I had actually visited it two years ago on my spring ride that began in Pittsburgh.  I was happy to renew acquaintances with its spectacular green stained glass rotunda.  It had been cleaned since my last visit and was gleaming with extra luster.



The painting on the far wall is a quite stunning portrait of an exalted-looking young man of local renown who drowned while trying to save a woman in 1910. He had been a star athlete and student, the valedictorian of the local high school in 1905, who earned a scholarship at a nearby college and returned home to teach at the high school.  He also happened to be the first person to check a book out of the library when it opened in 1906.  The artist, Charles Courtney Curran, had a local connection and went on to have a significant career with works, mostly of women in pastoral settings, in museums all over the country.

Hanging on a wall of the Carnegie in Amherst, the "Sandstone Center of the World," was a photograph of its first librarian, Maude Neiding, who served from 1906 until 1948.  Many small town libraries have similar photos.  A town's librarian was often a preeminent figure in the community. A collection of their stories would make a compelling book that no doubt would receive an endorsement from Oprah, making it an instant best seller. 



The library was of course built of sandstone.



 It was the final of my trio of Carnegies the day before the snow hit.  The first hardly counted as the only remnant from the original Lakewood Carnegie, a suburb of Cleveland, was a far wall.  None of the interiors had been preserved.  Its new front strained for gallantry without achieving what the Carnegies so effortlessly exude.  There was no acknowledgement anywhere of the library's past.



Not so with the majestic Carnegie in Lorain a pleasant twenty-five mile ride from Lakewood along the Lake Erie coastline dotted with small parks providing access to the water.  The non-Carnegie Domankas library had a premium spot right on the lake beside a put-in for boats.  Lorain was on the lake, but it's Carnegie was a mile inland sitting in a block it had all to itself. "Public Library" was chiseled into the stone just below its roof line, but it was now known as the Carnegie Center and was home to the local Historical Society.



My day in the wet, wind-blown snow not only caked me in white, but also the signs along the road.



I was semi-blinded by the driving snow that became a blizzard for a brief spell when I turned north into the wind for twelve miles up to Sandusky, back on the lake.  A couple in a pick-up slowed to offer me a ride.  Not a chance.  "Are you sure?," they asked twice after my polite decline.  I would have if my front tire slow leak had required filling more than every couple of miles.  I had hit a camouflaged pot hole ten miles from Sandusky.  I was relieved that it didn't cause an instant blow-out and that only my front tire suffered a pinch.  It would have been worthy of a scene in "Revenant" if I'd had to replace two tubes in the snow.  Fortunately it could wait until I found a motel.

Signs advertised a ferry to several islands, one of which is Canadian.  There is actually a Canadian customs office in Sandusky.  But I had made this detour for its Carnegie, one of the first in the state built in 1901 with a hefty $50,000 grant.  It was large and grand enough to last until this century before needing an addition.

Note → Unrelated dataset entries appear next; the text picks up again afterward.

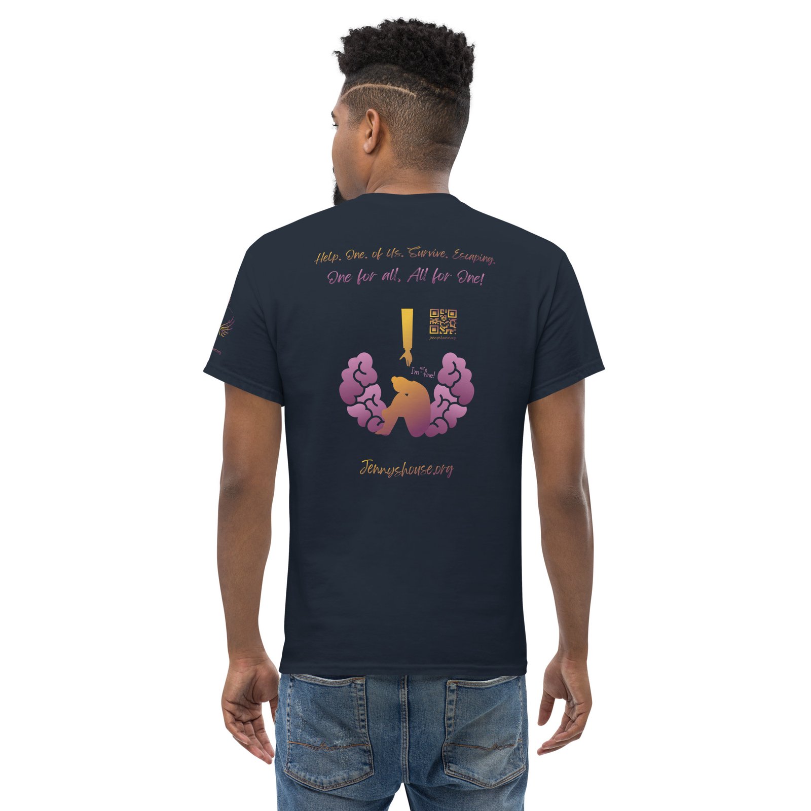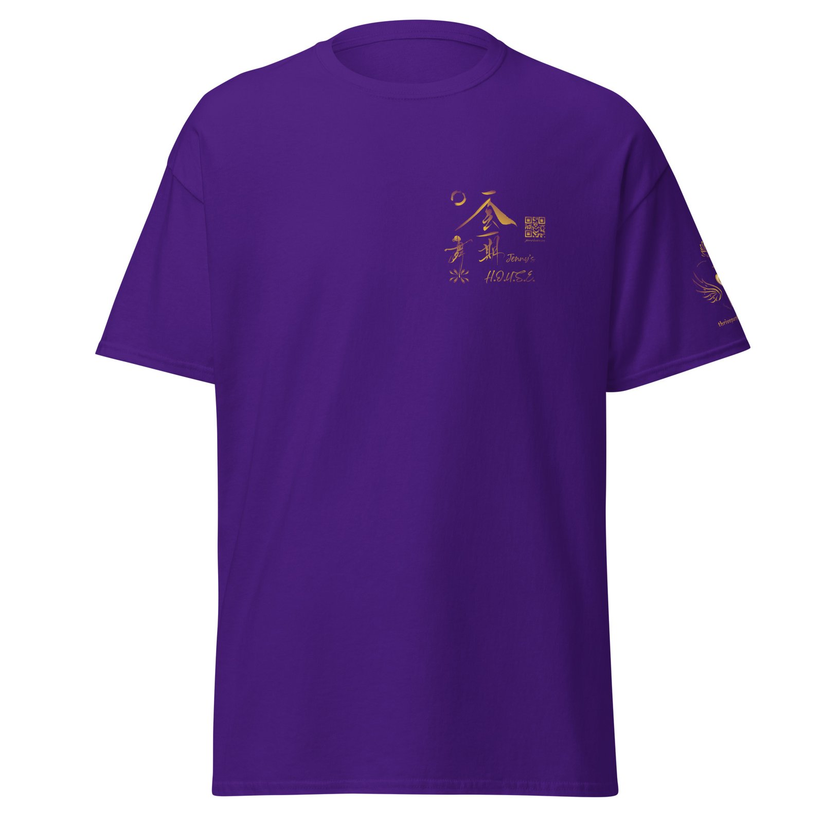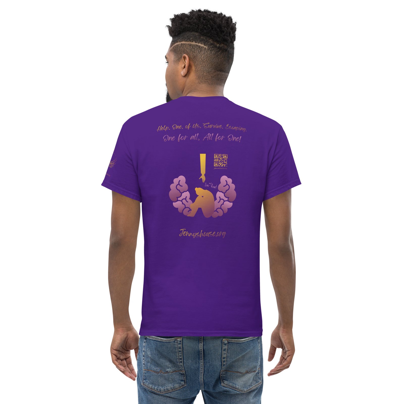 Jenny’s HOUSE heart side print dark gradient, all for one on back and Thrive Purple Heart Crest on Sleeve ✦ Safe for work and school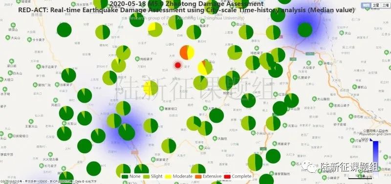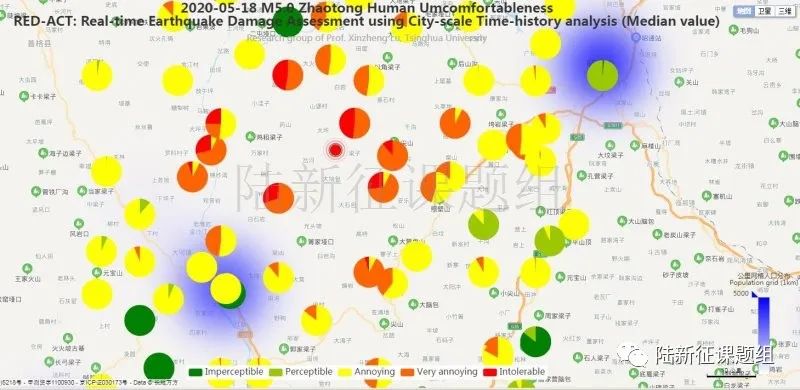 利用密布強(qiáng)震臺(tái)網(wǎng)在震后獲取的實(shí)時(shí)地震動(dòng)信息,再結(jié)合城市抗震彈塑性分析,就可以得到地震發(fā)生后不同地點(diǎn)的建筑破壞情況,為抗震救災(zāi)決策提供科學(xué)支撐。圖4為根據(jù)20200518云南昭通市巧家縣5.0級(jí)地震震中附近范圍內(nèi)臺(tái)站記錄分析得到的建筑震害分布示意圖。圖5為根據(jù)20200518云南昭通市巧家縣5.0級(jí)地震震中附近范圍內(nèi)臺(tái)站記錄分析得到的人員加速度感受分布示意圖。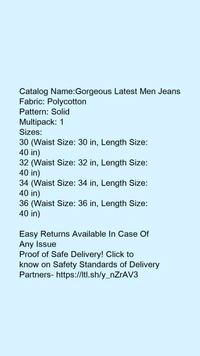Catalog Name:*Gorgeous Latest Men Jeans*Fabric: PolycottonPattern: SolidMultipack: 1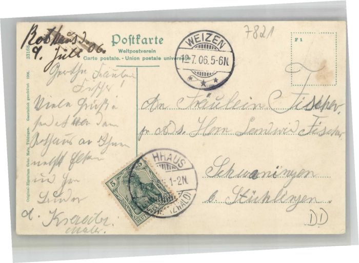 40734801 alte Postkarte Rothaus Kurhaus postalisch gelaufen KatCode: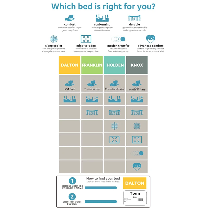 Since we spend a big majority of time sleeping or wishing we could go back to bed, it�s best to have the perfect mattress. Our 14-inch Knox mattress features a thick jumbo pillow top with advanced comfort that�s designed to hug your body in all the right places. This is our only mattress that features a fabric encased, pocketed coil which helps to eliminate partner movement, supports your back and creates an additional layer of comfort to enhance your sleep. Another highlight, every coil is wrapped up in our foam encased edge system that allows you use the entire surface of the bed. Made in the USA.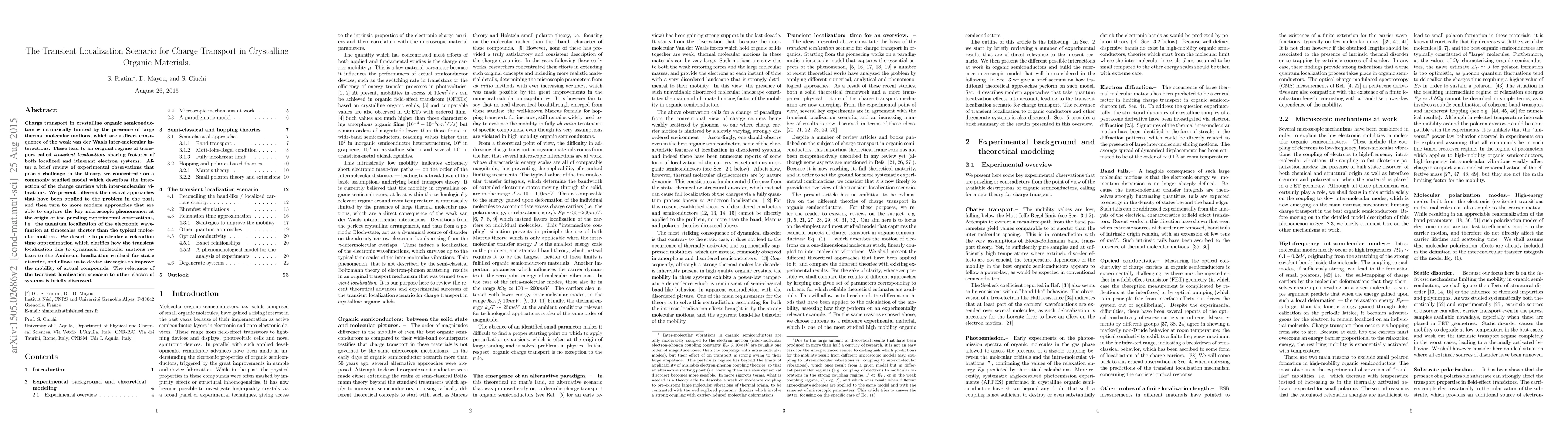 This paper explores charge transport in crystalline organic semiconductors, focusing on the transient localization phenomenon caused by weak van der Waals interactions and large thermal molecular motions. It reviews theoretical approaches to understand this behavior, highlighting a relaxation time approximation that connects transient localization to Anderson localization, and discusses strategies to enhance material mobility.

It incorporated the town jail, built in a similar local limestone, though the rest of the addition was all modern brick and glass.




The large amusement park Cedar Point, established in 1870 making it the second oldest in the US,  resides on the outskirts of town.  It has seventeen roller-coasters with another set to open this year.  It is the most visited amusement park in the country.  With an abundance of motels nearby and it being the off-season, I didn't take too hard of a hit to the pocketbook for a place to dry out my frozen tent and damp sleeping bag and my outerwear.